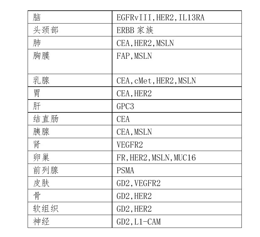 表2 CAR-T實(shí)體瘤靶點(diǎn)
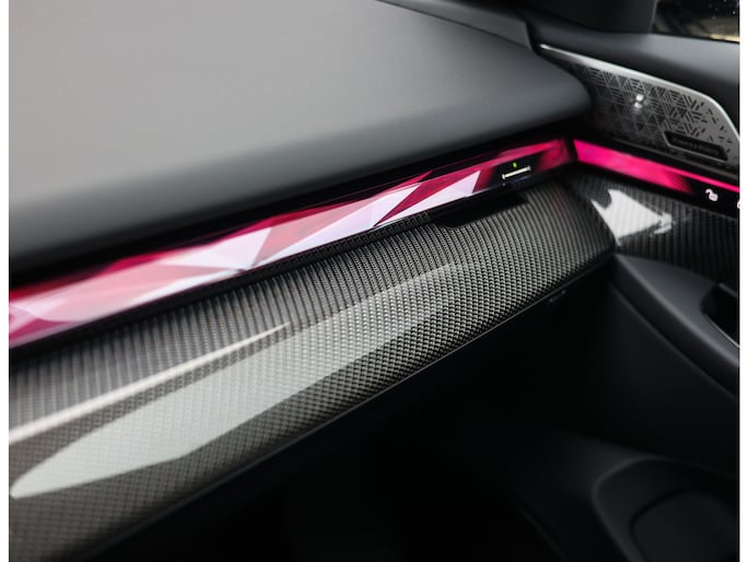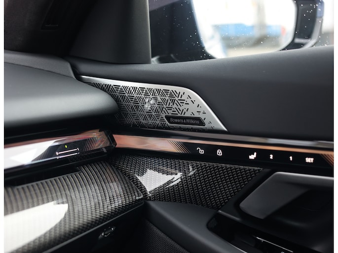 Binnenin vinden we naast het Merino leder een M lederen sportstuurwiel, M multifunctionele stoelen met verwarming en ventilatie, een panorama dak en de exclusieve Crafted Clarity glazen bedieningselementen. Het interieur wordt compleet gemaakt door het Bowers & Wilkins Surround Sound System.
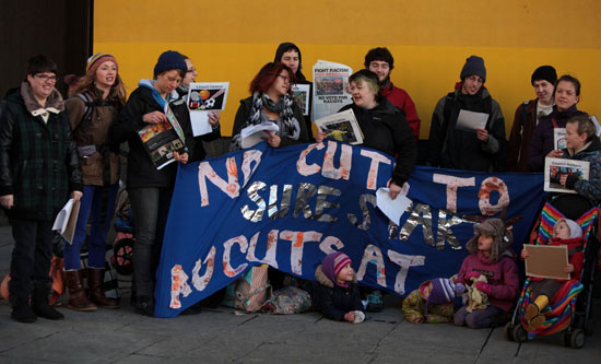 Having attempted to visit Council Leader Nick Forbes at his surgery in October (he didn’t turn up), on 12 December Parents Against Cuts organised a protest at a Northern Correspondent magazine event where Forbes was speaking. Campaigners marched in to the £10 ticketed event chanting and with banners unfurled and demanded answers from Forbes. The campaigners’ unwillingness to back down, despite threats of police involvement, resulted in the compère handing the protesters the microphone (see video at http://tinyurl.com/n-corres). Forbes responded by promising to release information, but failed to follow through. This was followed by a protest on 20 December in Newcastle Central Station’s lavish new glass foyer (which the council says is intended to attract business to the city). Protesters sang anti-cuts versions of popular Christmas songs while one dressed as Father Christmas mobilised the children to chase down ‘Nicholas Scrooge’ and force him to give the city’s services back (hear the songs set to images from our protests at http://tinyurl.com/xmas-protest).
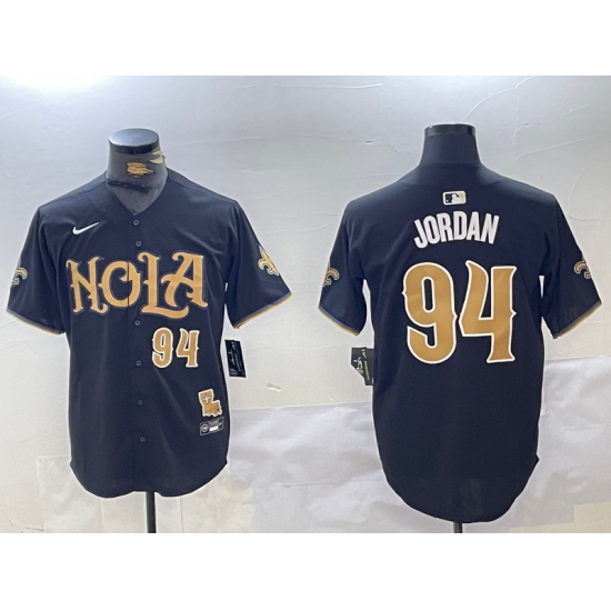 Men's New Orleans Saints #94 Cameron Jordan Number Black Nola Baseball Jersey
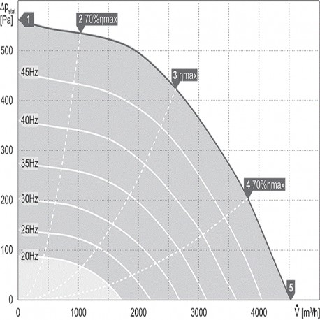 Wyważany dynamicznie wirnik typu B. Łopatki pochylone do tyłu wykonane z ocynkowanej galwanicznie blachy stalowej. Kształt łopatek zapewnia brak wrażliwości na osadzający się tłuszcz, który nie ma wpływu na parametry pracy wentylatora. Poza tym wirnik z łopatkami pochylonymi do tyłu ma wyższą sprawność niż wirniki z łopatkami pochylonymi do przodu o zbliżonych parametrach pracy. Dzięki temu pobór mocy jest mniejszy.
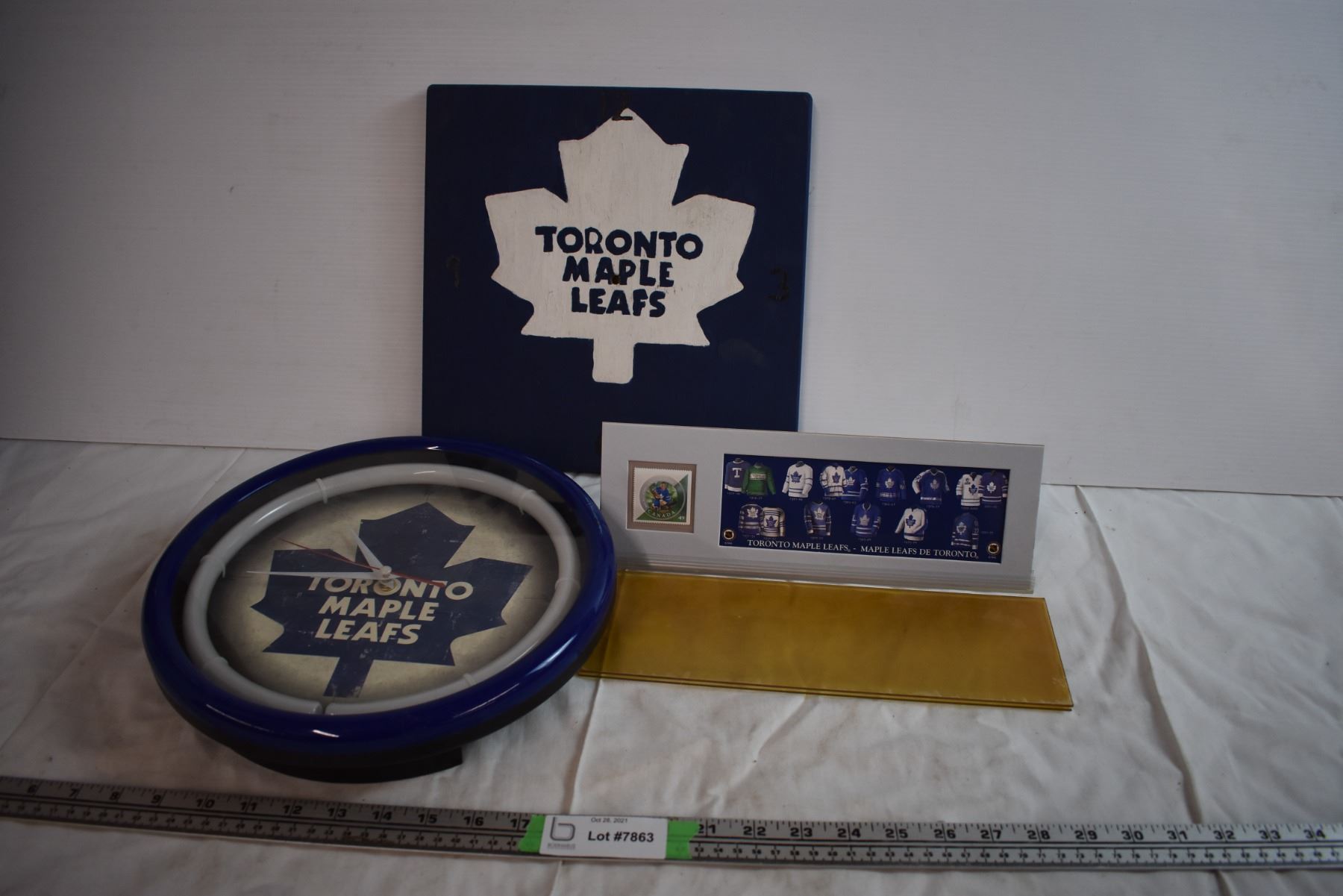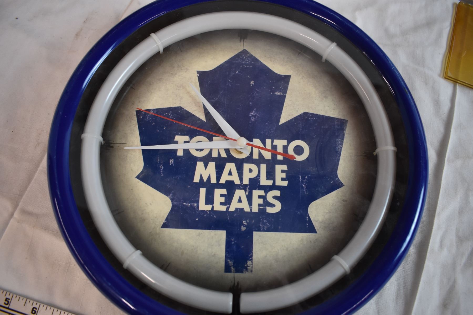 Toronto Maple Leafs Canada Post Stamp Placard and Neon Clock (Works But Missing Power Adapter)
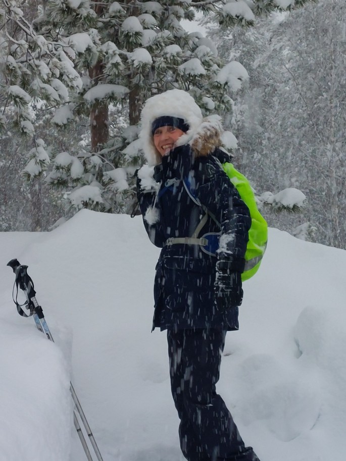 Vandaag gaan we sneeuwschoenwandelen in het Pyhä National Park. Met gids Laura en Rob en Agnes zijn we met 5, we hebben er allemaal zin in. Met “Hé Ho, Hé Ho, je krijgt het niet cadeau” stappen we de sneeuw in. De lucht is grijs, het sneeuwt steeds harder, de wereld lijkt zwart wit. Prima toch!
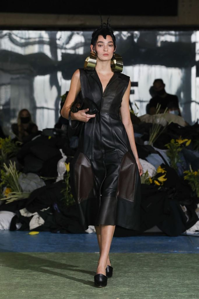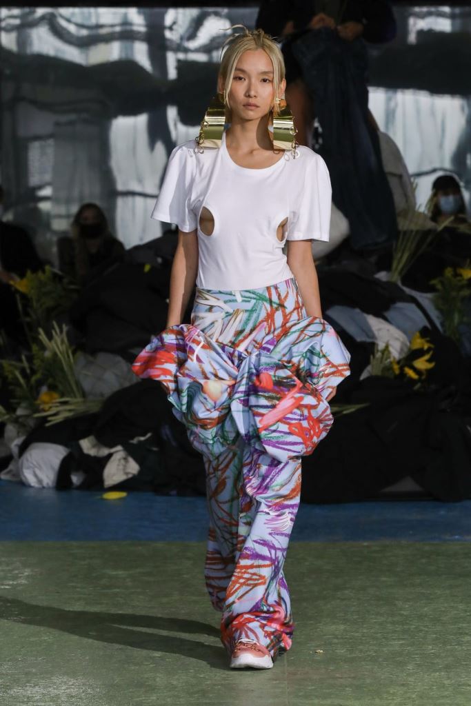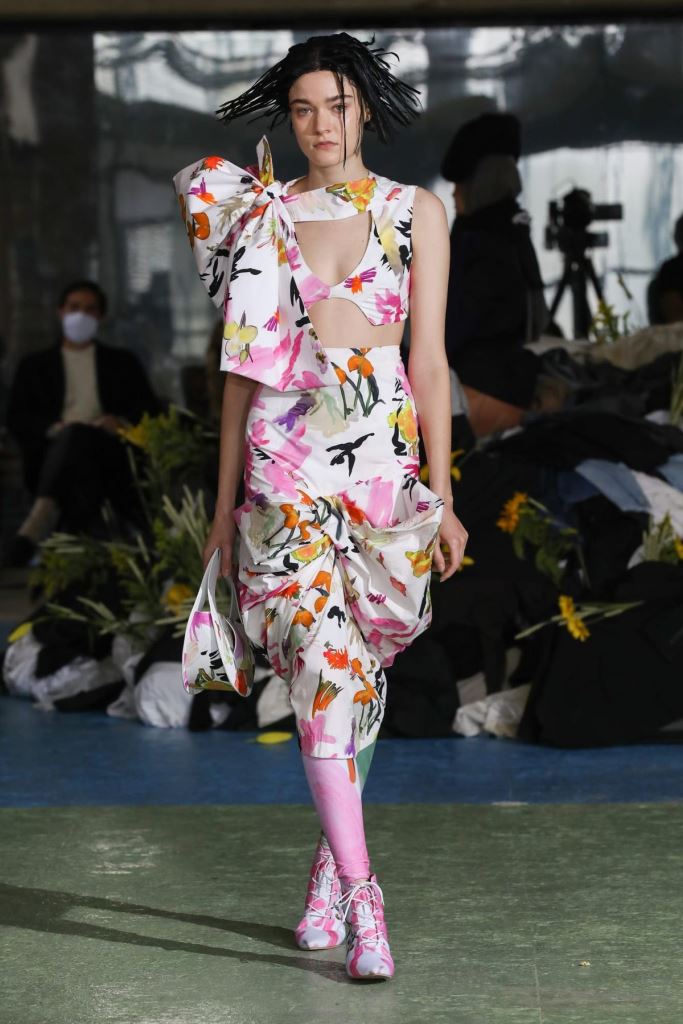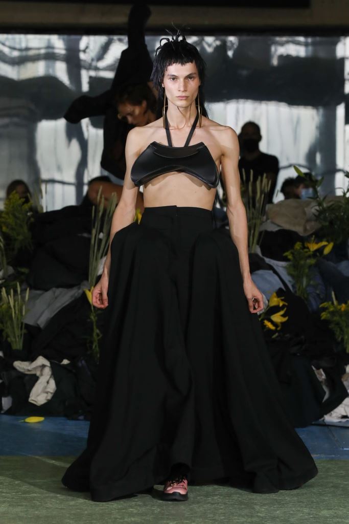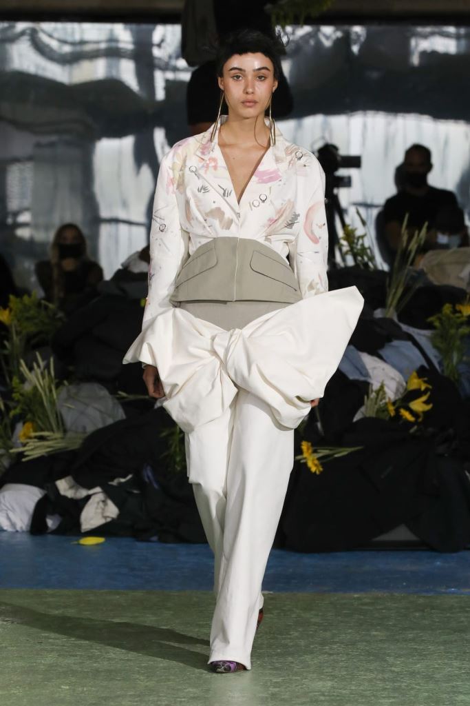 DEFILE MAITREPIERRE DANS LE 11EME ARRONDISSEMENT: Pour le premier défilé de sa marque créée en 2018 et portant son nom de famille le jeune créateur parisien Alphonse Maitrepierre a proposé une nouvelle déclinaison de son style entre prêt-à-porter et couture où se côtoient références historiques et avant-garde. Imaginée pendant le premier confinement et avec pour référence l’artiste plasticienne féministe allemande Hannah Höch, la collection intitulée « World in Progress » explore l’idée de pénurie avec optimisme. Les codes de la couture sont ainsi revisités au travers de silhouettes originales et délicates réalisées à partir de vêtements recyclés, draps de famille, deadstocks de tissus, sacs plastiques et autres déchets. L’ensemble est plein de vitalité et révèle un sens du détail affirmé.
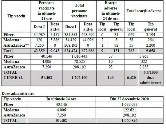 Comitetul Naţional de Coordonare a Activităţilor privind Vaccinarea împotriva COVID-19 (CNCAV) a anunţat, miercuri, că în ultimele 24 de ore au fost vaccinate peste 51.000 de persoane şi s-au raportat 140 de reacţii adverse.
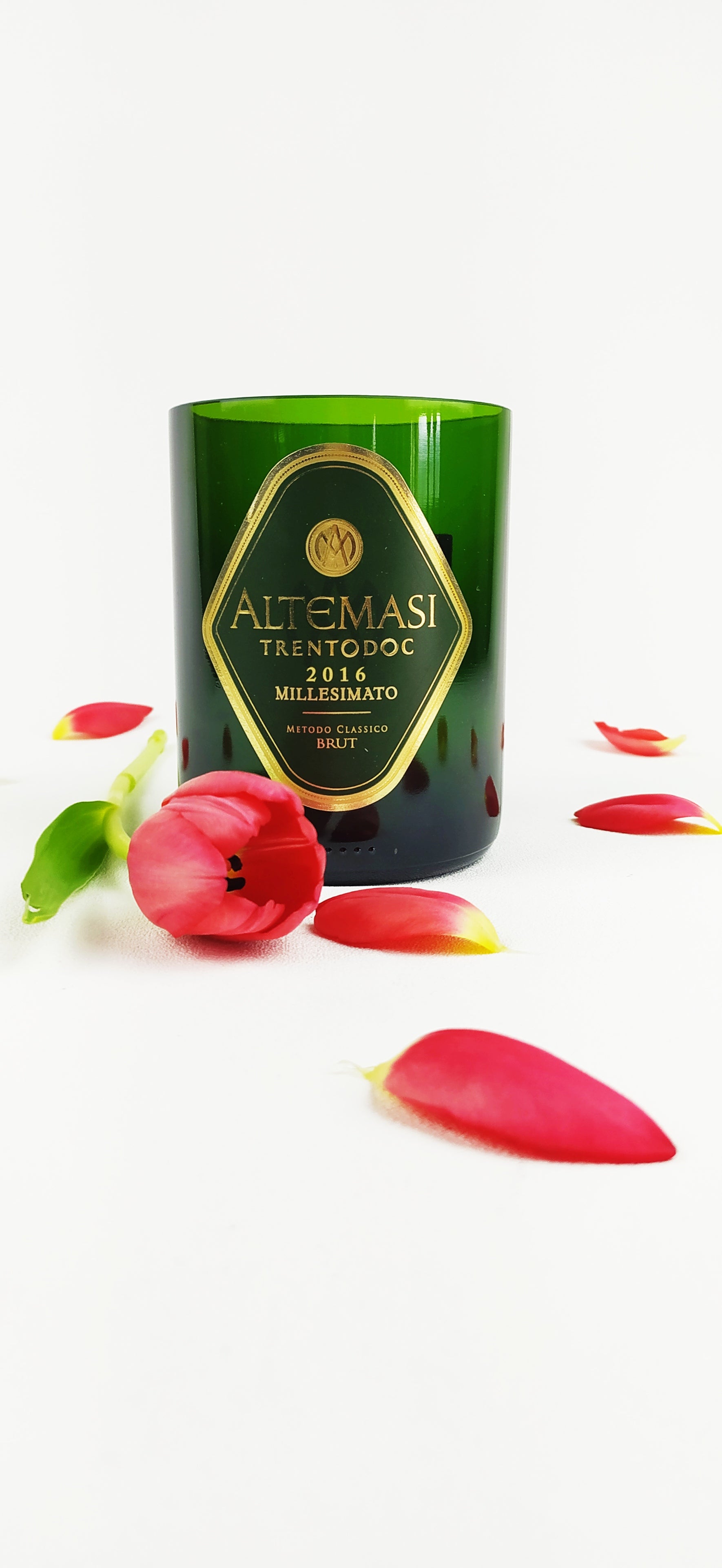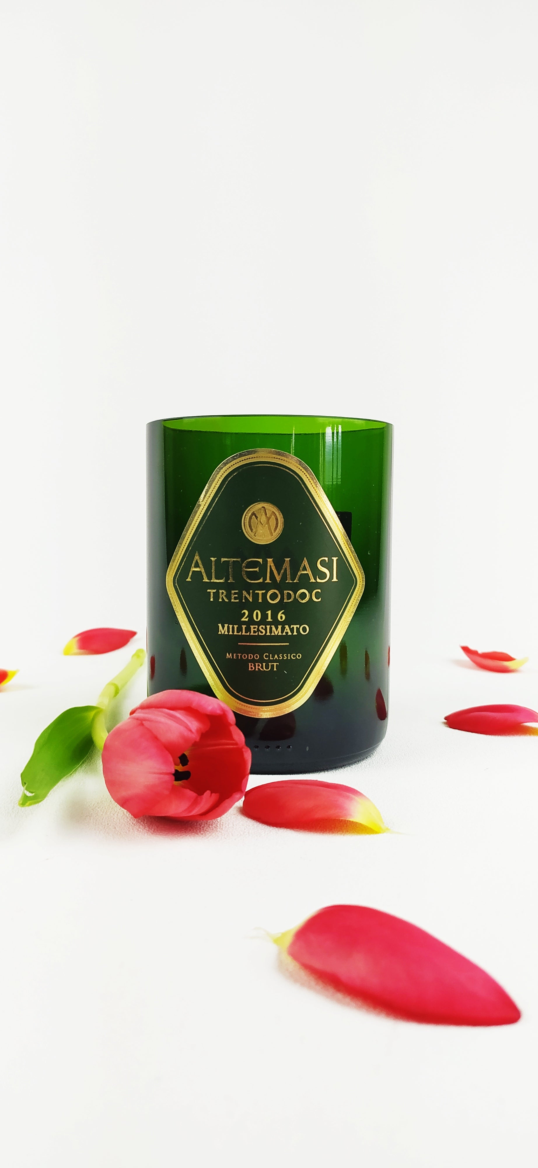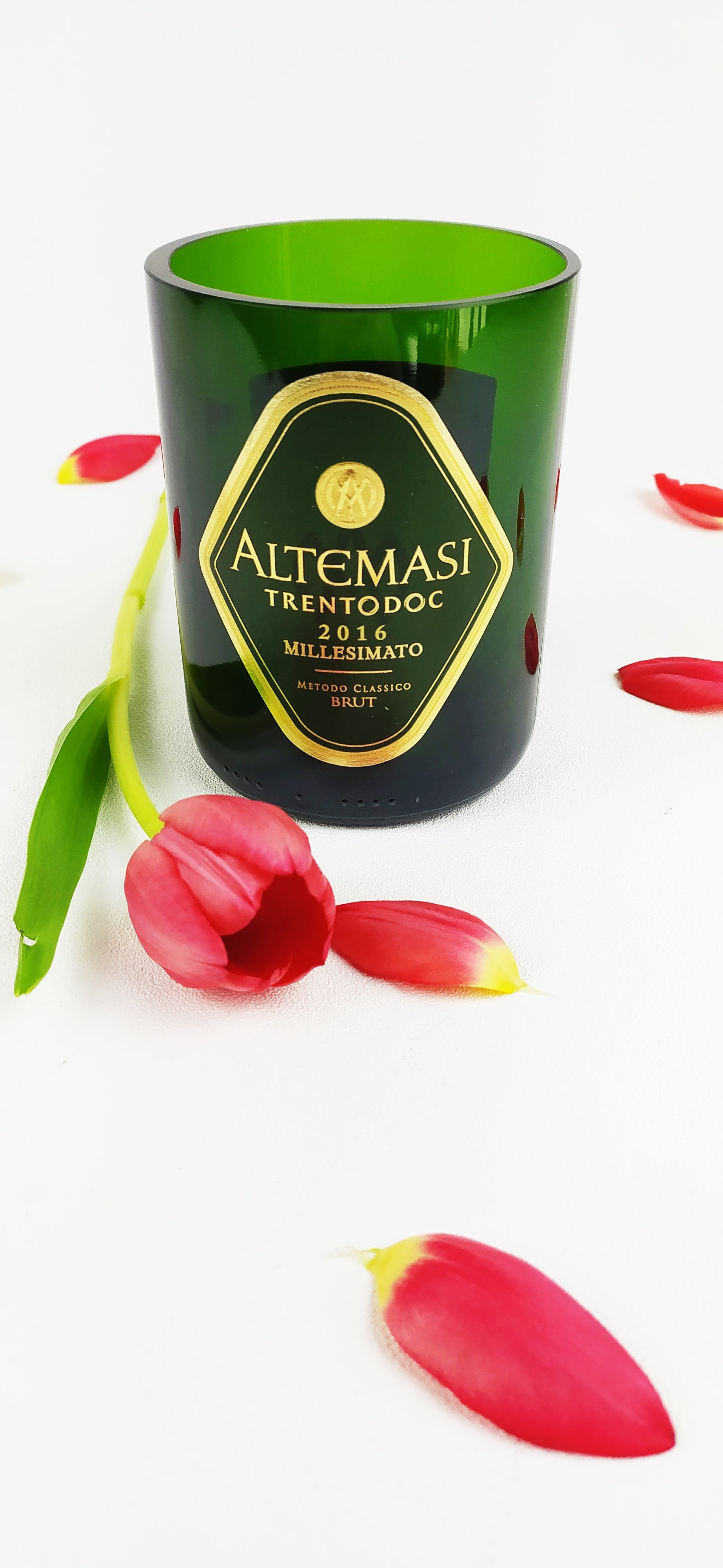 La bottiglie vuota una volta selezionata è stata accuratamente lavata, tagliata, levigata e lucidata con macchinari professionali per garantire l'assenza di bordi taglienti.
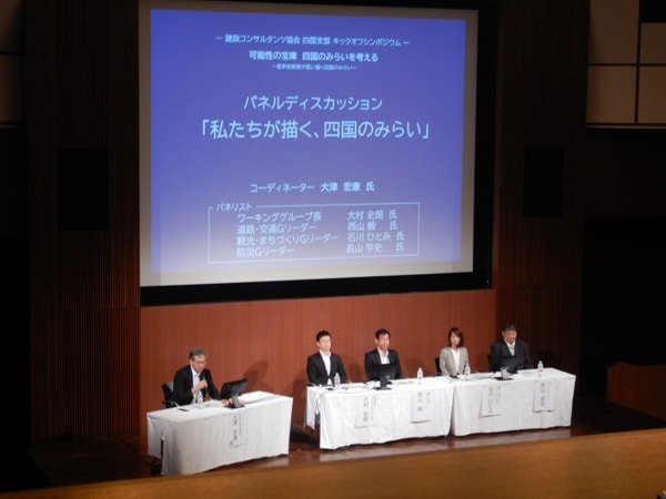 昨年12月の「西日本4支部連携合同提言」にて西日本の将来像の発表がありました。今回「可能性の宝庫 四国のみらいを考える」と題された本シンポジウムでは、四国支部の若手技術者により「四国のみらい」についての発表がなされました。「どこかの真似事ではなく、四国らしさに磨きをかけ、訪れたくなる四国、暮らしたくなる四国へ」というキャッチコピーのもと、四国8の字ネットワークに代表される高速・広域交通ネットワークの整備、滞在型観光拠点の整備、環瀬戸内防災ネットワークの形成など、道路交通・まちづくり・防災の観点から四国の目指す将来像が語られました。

============

__Work to complete__. With the pictures set aside, write out the whole listing exactly.

__Output__.
 表2 CAR-T實(shí)體瘤靶點(diǎn)
 Binnenin vinden we naast het Merino leder een M lederen sportstuurwiel, M multifunctionele stoelen met verwarming en ventilatie, een panorama dak en de exclusieve Crafted Clarity glazen bedieningselementen. Het interieur wordt compleet gemaakt door het Bowers & Wilkins Surround Sound System.
 Having attempted to visit Council Leader Nick Forbes at his surgery in October (he didn’t turn up), on 12 December Parents Against Cuts organised a protest at a Northern Correspondent magazine event where Forbes was speaking. Campaigners marched in to the £10 ticketed event chanting and with banners unfurled and demanded answers from Forbes. The campaigners’ unwillingness to back down, despite threats of police involvement, resulted in the compère handing the protesters the microphone (see video at http://tinyurl.com/n-corres). Forbes responded by promising to release information, but failed to follow through. This was followed by a protest on 20 December in Newcastle Central Station’s lavish new glass foyer (which the council says is intended to attract business to the city). Protesters sang anti-cuts versions of popular Christmas songs while one dressed as Father Christmas mobilised the children to chase down ‘Nicholas Scrooge’ and force him to give the city’s services back (hear the songs set to images from our protests at http://tinyurl.com/xmas-protest).
 Men's New Orleans Saints #94 Cameron Jordan Number Black Nola Baseball Jersey
 Wyważany dynamicznie wirnik typu B. Łopatki pochylone do tyłu wykonane z ocynkowanej galwanicznie blachy stalowej. Kształt łopatek zapewnia brak wrażliwości na osadzający się tłuszcz, który nie ma wpływu na parametry pracy wentylatora. Poza tym wirnik z łopatkami pochylonymi do tyłu ma wyższą sprawność niż wirniki z łopatkami pochylonymi do przodu o zbliżonych parametrach pracy. Dzięki temu pobór mocy jest mniejszy.
 Toronto Maple Leafs Canada Post Stamp Placard and Neon Clock (Works But Missing Power Adapter)
 Vandaag gaan we sneeuwschoenwandelen in het Pyhä National Park. Met gids Laura en Rob en Agnes zijn we met 5, we hebben er allemaal zin in. Met “Hé Ho, Hé Ho, je krijgt het niet cadeau” stappen we de sneeuw in. De lucht is grijs, het sneeuwt steeds harder, de wereld lijkt zwart wit. Prima toch!
 DEFILE MAITREPIERRE DANS LE 11EME ARRONDISSEMENT: Pour le premier défilé de sa marque créée en 2018 et portant son nom de famille le jeune créateur parisien Alphonse Maitrepierre a proposé une nouvelle déclinaison de son style entre prêt-à-porter et couture où se côtoient références historiques et avant-garde. Imaginée pendant le premier confinement et avec pour référence l’artiste plasticienne féministe allemande Hannah Höch, la collection intitulée « World in Progress » explore l’idée de pénurie avec optimisme. Les codes de la couture sont ainsi revisités au travers de silhouettes originales et délicates réalisées à partir de vêtements recyclés, draps de famille, deadstocks de tissus, sacs plastiques et autres déchets. L’ensemble est plein de vitalité et révèle un sens du détail affirmé.
 Comitetul Naţional de Coordonare a Activităţilor privind Vaccinarea împotriva COVID-19 (CNCAV) a anunţat, miercuri, că în ultimele 24 de ore au fost vaccinate peste 51.000 de persoane şi s-au raportat 140 de reacţii adverse.
 La bottiglie vuota una volta selezionata è stata accuratamente lavata, tagliata, levigata e lucidata con macchinari professionali per garantire l'assenza di bordi taglienti.
 昨年12月の「西日本4支部連携合同提言」にて西日本の将来像の発表がありました。今回「可能性の宝庫 四国のみらいを考える」と題された本シンポジウムでは、四国支部の若手技術者により「四国のみらい」についての発表がなされました。「どこかの真似事ではなく、四国らしさに磨きをかけ、訪れたくなる四国、暮らしたくなる四国へ」というキャッチコピーのもと、四国8の字ネットワークに代表される高速・広域交通ネットワークの整備、滞在型観光拠点の整備、環瀬戸内防災ネットワークの形成など、道路交通・まちづくり・防災の観点から四国の目指す将来像が語られました。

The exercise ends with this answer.